=== TASK OBJECTIVE ===
Make an exact copy of the listing, without images.

=== DATA BLOCK ===

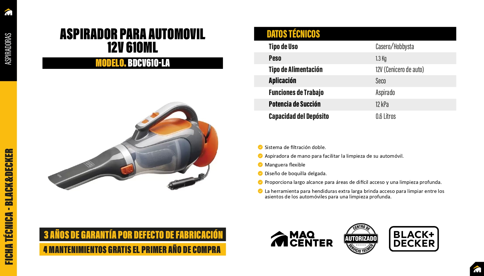 Aspiradora 12v para carro 610ml - bdcv610-la
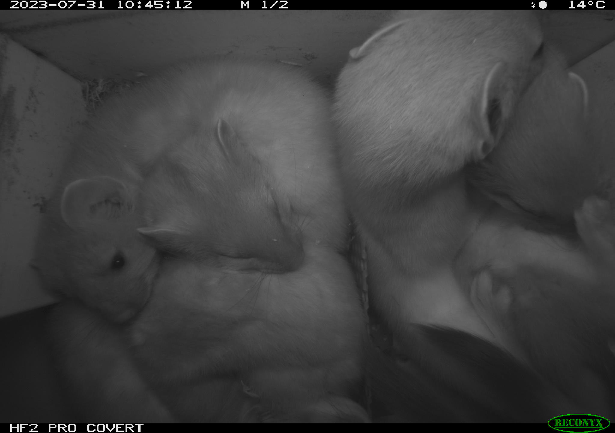 En hel røyskattfamile fotografert inne i en av våre kamerafeller. Foto: COAT
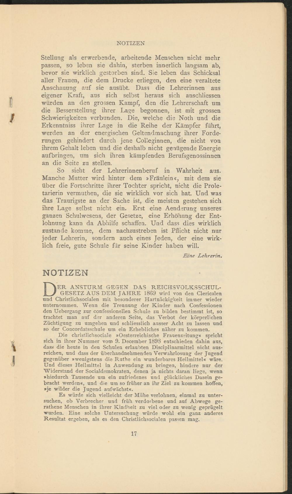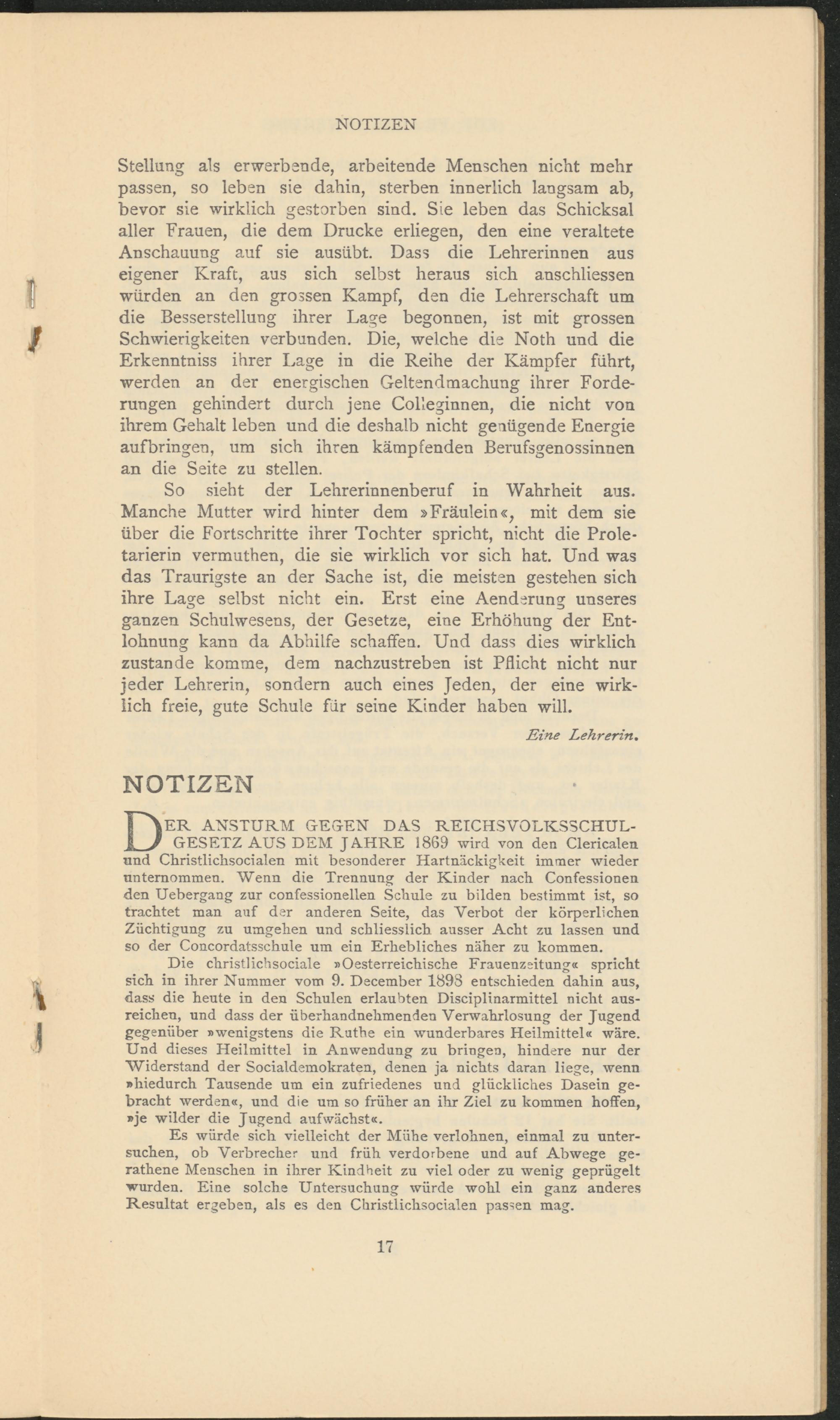 So sieht der Lehrerinnenberuf in Wahrheit aus. Manche Mutter wird hinter dem »Fräulein«, mit dem sie über die Fortschritte ihrer Tochter spricht, nicht die Proletarierin vermuthen, die sie wirklich vor sich hat. Und was das Traurigste an der Sache ist, die meisten gestehen sich ihre Lage selbst nicht ein. Erst eine Aenderung unseres ganzen Schulwesens, der Gesetze, eine Erhöhung der Entlohnung kann da Abhilfe schaffen. Und dass dies wirklich zustande komme, dem nachzustreben ist Pflicht nicht nur jeder Lehrerin, sondern auch eines Jeden, der eine wirklich freie, gute Schule für seine Kinder haben will.

===

=== ANSWER TO THIS TASK ===
 Aspiradora 12v para carro 610ml - bdcv610-la
 En hel røyskattfamile fotografert inne i en av våre kamerafeller. Foto: COAT
 So sieht der Lehrerinnenberuf in Wahrheit aus. Manche Mutter wird hinter dem »Fräulein«, mit dem sie über die Fortschritte ihrer Tochter spricht, nicht die Proletarierin vermuthen, die sie wirklich vor sich hat. Und was das Traurigste an der Sache ist, die meisten gestehen sich ihre Lage selbst nicht ein. Erst eine Aenderung unseres ganzen Schulwesens, der Gesetze, eine Erhöhung der Entlohnung kann da Abhilfe schaffen. Und dass dies wirklich zustande komme, dem nachzustreben ist Pflicht nicht nur jeder Lehrerin, sondern auch eines Jeden, der eine wirklich freie, gute Schule für seine Kinder haben will.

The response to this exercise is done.